= Extracted data =
====

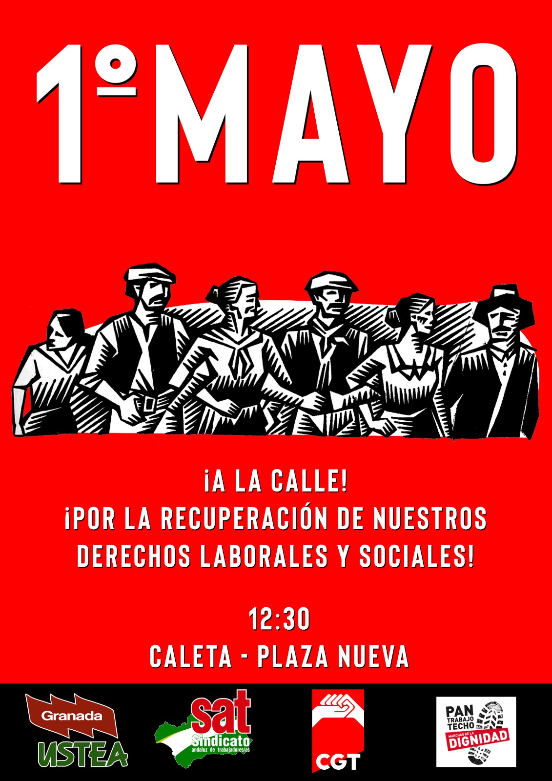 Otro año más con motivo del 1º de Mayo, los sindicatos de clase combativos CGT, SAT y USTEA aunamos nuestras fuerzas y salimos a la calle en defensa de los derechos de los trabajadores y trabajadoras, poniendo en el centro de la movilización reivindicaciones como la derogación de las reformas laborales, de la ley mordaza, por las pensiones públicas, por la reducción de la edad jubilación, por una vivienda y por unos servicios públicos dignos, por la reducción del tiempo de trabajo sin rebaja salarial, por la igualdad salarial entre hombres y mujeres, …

====

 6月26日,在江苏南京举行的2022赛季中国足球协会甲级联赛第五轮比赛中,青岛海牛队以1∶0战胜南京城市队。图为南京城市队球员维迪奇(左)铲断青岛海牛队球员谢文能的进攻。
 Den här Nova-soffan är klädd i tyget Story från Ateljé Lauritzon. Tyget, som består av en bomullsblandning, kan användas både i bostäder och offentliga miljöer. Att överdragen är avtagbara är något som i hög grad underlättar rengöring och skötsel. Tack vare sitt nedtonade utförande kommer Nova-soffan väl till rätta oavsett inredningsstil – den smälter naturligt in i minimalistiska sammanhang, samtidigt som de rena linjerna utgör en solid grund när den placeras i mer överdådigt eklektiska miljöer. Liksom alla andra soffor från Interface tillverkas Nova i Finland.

====

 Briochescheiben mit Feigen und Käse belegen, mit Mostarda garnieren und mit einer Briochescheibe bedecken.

====

= Problem =
Reproducing the whole listing above is not the task. Copy exactly only the lines from the one with "6月26日,在江苏南京举行的" to the one with "Den här Nova-soffan", both kept.

= Task response =
 6月26日,在江苏南京举行的2022赛季中国足球协会甲级联赛第五轮比赛中,青岛海牛队以1∶0战胜南京城市队。图为南京城市队球员维迪奇(左)铲断青岛海牛队球员谢文能的进攻。
 Den här Nova-soffan är klädd i tyget Story från Ateljé Lauritzon. Tyget, som består av en bomullsblandning, kan användas både i bostäder och offentliga miljöer. Att överdragen är avtagbara är något som i hög grad underlättar rengöring och skötsel. Tack vare sitt nedtonade utförande kommer Nova-soffan väl till rätta oavsett inredningsstil – den smälter naturligt in i minimalistiska sammanhang, samtidigt som de rena linjerna utgör en solid grund när den placeras i mer överdådigt eklektiska miljöer. Liksom alla andra soffor från Interface tillverkas Nova i Finland.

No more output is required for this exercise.